Common and Specific Risk Factors for Emotional Disorders

Project: Research project

Project Details


This is a collaborative research effort of Northwestern University and the University of California, Los Angeles to evaluate common and specific risk factors for anxiety disorders and depression. Each site will work on a common protocol. We propose a prospective longitudinal study of 700 high school juniors, recruited in two cohorts over consecutive years at two high schools (Evanston and Santa Monica). Using a high-risk design, participants at high risk (according to Neuroticism cores) will be oversampled relative to medium and low risk groups.
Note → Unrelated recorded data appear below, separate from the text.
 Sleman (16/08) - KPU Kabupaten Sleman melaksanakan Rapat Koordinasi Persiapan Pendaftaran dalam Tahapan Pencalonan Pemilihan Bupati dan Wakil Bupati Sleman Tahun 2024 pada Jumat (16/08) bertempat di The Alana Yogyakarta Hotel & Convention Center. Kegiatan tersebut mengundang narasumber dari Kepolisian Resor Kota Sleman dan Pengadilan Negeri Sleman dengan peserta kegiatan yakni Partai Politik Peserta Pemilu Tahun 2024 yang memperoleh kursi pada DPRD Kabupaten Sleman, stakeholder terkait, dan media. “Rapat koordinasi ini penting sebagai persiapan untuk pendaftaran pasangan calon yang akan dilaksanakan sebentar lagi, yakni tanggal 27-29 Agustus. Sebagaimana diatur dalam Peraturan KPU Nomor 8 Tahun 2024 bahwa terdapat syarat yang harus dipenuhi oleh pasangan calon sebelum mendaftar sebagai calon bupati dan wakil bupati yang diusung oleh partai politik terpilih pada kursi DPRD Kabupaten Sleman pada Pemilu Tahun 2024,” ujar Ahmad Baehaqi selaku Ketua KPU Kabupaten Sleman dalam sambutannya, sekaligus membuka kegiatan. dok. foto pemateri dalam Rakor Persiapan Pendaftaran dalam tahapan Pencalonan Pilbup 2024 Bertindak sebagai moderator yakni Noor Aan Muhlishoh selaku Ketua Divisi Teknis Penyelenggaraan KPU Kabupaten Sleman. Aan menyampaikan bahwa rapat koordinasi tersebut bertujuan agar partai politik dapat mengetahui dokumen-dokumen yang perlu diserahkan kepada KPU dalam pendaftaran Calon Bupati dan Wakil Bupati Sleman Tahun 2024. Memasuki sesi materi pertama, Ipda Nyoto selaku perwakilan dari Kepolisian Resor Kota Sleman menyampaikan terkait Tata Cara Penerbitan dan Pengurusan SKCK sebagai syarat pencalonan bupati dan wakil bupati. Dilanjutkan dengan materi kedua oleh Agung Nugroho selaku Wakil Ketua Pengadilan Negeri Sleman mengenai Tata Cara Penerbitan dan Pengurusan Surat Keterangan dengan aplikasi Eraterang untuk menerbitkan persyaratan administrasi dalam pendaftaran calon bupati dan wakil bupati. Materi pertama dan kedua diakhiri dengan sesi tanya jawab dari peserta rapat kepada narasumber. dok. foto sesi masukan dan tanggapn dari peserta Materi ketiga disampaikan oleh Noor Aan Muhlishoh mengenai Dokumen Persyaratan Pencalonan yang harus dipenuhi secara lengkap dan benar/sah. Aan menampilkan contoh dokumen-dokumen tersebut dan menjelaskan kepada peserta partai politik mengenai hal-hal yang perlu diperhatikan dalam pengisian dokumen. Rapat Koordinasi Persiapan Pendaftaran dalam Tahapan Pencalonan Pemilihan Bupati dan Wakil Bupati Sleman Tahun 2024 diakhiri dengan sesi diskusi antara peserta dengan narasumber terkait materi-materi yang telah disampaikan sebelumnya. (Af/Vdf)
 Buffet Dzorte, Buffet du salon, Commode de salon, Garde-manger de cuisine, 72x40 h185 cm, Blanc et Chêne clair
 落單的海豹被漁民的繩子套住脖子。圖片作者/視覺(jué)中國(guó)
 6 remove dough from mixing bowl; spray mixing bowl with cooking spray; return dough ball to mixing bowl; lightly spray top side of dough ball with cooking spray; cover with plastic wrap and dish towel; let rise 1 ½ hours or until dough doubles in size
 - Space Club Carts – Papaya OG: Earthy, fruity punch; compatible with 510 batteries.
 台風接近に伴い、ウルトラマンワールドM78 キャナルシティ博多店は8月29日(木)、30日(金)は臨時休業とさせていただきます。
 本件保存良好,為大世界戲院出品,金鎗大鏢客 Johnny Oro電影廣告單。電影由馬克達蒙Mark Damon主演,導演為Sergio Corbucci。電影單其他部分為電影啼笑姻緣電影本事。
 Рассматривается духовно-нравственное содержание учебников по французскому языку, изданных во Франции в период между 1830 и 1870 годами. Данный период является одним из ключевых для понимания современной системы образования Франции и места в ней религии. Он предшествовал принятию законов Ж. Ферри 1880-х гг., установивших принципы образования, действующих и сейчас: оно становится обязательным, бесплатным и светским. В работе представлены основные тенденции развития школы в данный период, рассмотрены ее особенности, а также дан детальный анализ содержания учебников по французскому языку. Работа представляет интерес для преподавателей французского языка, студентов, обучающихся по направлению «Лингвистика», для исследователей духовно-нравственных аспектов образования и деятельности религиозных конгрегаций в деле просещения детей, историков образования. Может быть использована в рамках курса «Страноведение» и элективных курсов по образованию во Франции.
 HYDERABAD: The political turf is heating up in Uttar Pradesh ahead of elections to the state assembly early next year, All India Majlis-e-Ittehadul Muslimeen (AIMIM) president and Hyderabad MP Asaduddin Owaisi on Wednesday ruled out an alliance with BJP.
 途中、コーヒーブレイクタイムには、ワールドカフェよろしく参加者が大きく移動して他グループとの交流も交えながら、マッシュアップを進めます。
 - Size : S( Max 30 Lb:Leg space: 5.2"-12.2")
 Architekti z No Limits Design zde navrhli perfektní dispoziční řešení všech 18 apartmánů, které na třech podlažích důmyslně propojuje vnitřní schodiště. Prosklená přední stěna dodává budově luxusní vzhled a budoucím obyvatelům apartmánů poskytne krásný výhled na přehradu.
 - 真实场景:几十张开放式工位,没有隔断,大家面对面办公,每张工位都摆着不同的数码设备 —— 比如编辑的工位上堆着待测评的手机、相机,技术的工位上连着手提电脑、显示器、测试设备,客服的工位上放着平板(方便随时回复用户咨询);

Their progression will be carefully tracked over the course of 8 to 10 assessments staggered over four to four and a half years of data collection. The participant sample will be geographically, ethnically, and socio-economically diverse. The proposal takes a comprehensive biopsychosocial approach to the conceptualization and measurement of risk factors, which include Neuroticism, depressogenic cognitive style, anxiety sensitivity, introversion and low positive affectivity, sociotropy and autonomy. Measures will include self report, parental report, as well as information processing tasks (modified Stroop, memory tasks), affective modulation of startle reactivity, and ambulatory cortisol assays. In addition, diathesis-stress interactions will be evaluated on the basis of contextual assessment of chronic and episodic life stress. Outcome will be measured in terms of symptoms and diagnosis of anxiety and depression. Various models of commonalities and specificities of risk and their interaction with stress will be tested using hierarchical logistic regression and structural equation modeling. The findings may further our conceptualization of emotional disorders and provide the platform for prevention research.